Voilà, tout comme une Ferrari, c'est comme une Fuego, mais en rouge.
Les deux derniers films vus au cinéma en fin de semaine dernière:
Le Dernier Rempart: J'y suis allé avec quelques appréhensions. Le retour de Schwarzy, dans un film d'action, ça risque fort d'être un film digne des 80's ( voir 90's), ça risque de faire vieillot, craignais-je. Et en fait, c'est exactement ça, ou peu s'en faut, sauf que c'est fait intelligemment, avec pas mal d'auto dérision pour le gars Arnold. Y'a plein de cascades, ça pète un peu partout toutes les 15 minutes, les personnages sont caricaturaux, avec la gueule de l'emploi ('fin, pas autant que dans un Tarantino ou un Rodriguez, on est pas dans le burlesque quand même), comme à l'époque, mais avec une image moderne, bien sur.
Les fans du réalisateur Kim Jee-woon seront peut-être déçu par rapport à un "Le Bon, La Brute, et le Cinglé", c'est quand même beaucoup moins déjanté, américanisation du style oblige. Mais ça nous met le Schwarzy et ses comparses dans des situations qui font sourire. Bon, le scénario, l'intrigue sont aussi épais qu'une feuille de papier à cigarette, on voit un peu venir les rebondissements, mais pour ce genre de film, c'est pas trop grave.
Ca m'a rappelé certains de ces films qu'on voyait, avec des héros/justicier vieillissant, incarnés par des acteurs d'action eux-aussi vieillissant (Clint Eastwood, Charles Bronson, ...), un peu papy puncheur/flingueur.
Et puis ça permet de revoir le trop rare Forest Whitaker, même si, une fois de plus, dans un rôle qui ne lui permet pas de développer son talent (en voilà un de bon acteur qui n'a pas eu la carrière qu'il méritait).
Un bon moment de détente.
Django Unchained: Alors là ! Je suis toujours dubitatif avec Tarantino. J'espère toujours que ce sera aussi énorme que "In Glorious Bastard", mais j'ai toujours peur que ça ne me parle pas comme ... ben pratiquement tout ce qu'il a fait d'autre. Mais là, y a Chirstoph Waltz dedans, et autant Tarantino est très loin du sans faute pour moi, autant cet acteur m'a scotché à mon fauteuil chaque fois que je l'ai vu au point des fois (souvent ?) d'être le principal (le seul ?) intérêt d'un film. Et là, c'est le Jackpot, c'est peut-être encore plus jouissif que "In Glorious Bastard". Une poilade et une régalade tout du long.

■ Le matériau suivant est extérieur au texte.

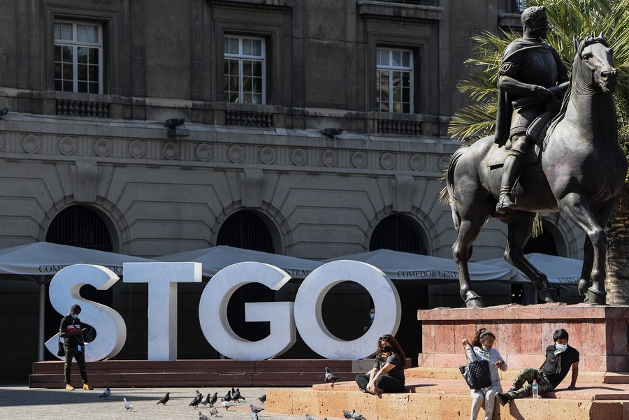 Personas toman asiento frente a un monumento en la Plaza de Armas, en Santiago, capital de Chile, el 29 de marzo de 2021. (Xinhua/Jorge Villegas)
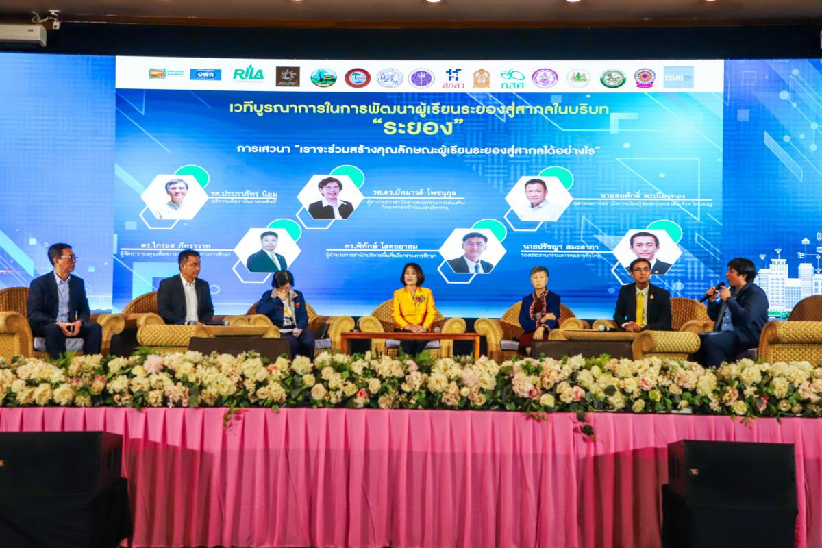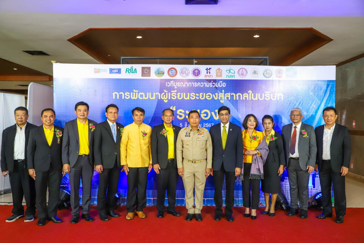 วันที่ 5 สิงหาคม 2567 เวลา 13.30 น. ณ โรงแรมสตาร์ คอนเวนชั่น ระยอง นายประสานต์ พฤกษาชาติ รองนายกองค์การบริหารส่วนจังหวัดระยอง (2) ลงนามบันทึกข้อตกลงคุณลักษณะผู้เรียนระยองสู่สากลตามบริบทจังหวัดระยอง โดยมีนายไตรภพ วงศ์ไตรรัตน์ ผู้ว่าราชการจังหวัดระยอง เป็นประธานในพิธีฯ พร้อมด้วย หน่วยงานที่เกี่ยวข้องจำนวน 16 หน่วยงานร่วมลงนามบันทึกข้อตกลงโดยพร้อมเพรียงกัน ซึ่งภายในงานได้มีการบรรยายหัวข้อ “การจัดการศึกษาเชิงพื้นที่ทางออกการศึกษาไทย” “การจัดการศึกษาในบริบทระยองสู่การขับเคลื่อนเศรษฐกิจและสังคม” และในหัวข้อ “การเสวนาเราจะร่วมสร้างคุณลักษณะผู้เรียนระยองสู่สากลได้อย่างไร” โดยมีผู้ร่วมบรรยายพิเศษและร่วมเวทีเสวนา ประกอบด้วย นางสาวสลารีวรรณ ทัพทวี รองผู้ว่าราชการจังหวัดระยอง, ดร.สมเกียรติ ตั้งกิจวานิชย์ ประธานสถาบันวิจัยเพื่อพัฒนาประเทศ, ดร.สาธิต ปิตุเตชะ ประธานที่ปรึกษาคณะกรรมการสถาบันการเรียนรู้ของคนทุกช่วงวัยจังหวัดระยอง, รศ.ประภาภัทร นิยม อธิการบดีสถาบันอาศรมศิลป์, ดร.ไกรยส ภัทราวาท ผู้จัดการกองทุนเพื่อความเสมอภาคทางการศึกษา, รศ.ดร.ปัทมาวดี โพชนุกูล ผู้อำนวยการสำนักงานคณะกรรมการส่งเสริมวิทยาศาสตร์วิจัยและนวัตกรรม ดร.พิทักษ์ โสตถยาคม ผู้อำนวยการสำนักงานบริหารพื้นที่นวัตกรรมการศึกษา, นายสมศักดิ์ พะเนียงทอง ผู้อำนวยการสถาบันการเรียนรู้ของคนทุกช่วงวัยจังหวัดระยอง และนายปรัชญา สมะลาภา รองประธานกรรมการหอการค้าไทย ณ ห้องสุนทรภู่ โรงแรมสตาร์ คอนเวนชั่น จังหวัดระยอง

Avec des tonnes de (bons) clichés aux westerns spaghettis.
Le seul point faible, peut-être, est Jamie Fox. Il incarne le rôle titre (quoique ça n'en fait peut-être pas le rôle principal ?), mais est très effacé. Bon, certes, il à affaire à de vrais pointures avec les autres acteurs principaux. Et peut-être est-ce le rôle qui veut ça, mais quand même, j'aurais aimé un peu plus de "canaille", comme un Clint Eastwood, ou un Lee Van Cleef par exemple, savaient le faire.
Et donc, Christoph Waltz y est tout simplement énorme, pas une réplique qui soit à côté. C'est toujours pile-poil dans le mille, caustique et phraseur à souhait.
Leonardo di Caprio y fait une prestation des plus honorables également, mais j'ai du mal à juger, j'ai un énorme à priori sur cet acteur, même si je reconnais sans mal son talent.
Mais celui qui est sidérant, inattendu et tient le niveau de Christoph Waltz, c'est Samuel L. Jackson. Il est tout simplement énorme.
Y'en a un autre, complètement inattendu, qui fait un peu plus qu'une apparition, et qui le fait bien, c'est Don Johnson.
Et puis pas mal de sales gueules plus ou moins récurrentes du cinéma Taretinien ou autre. Le maître s'étant même réservé un petit rôle sympathique.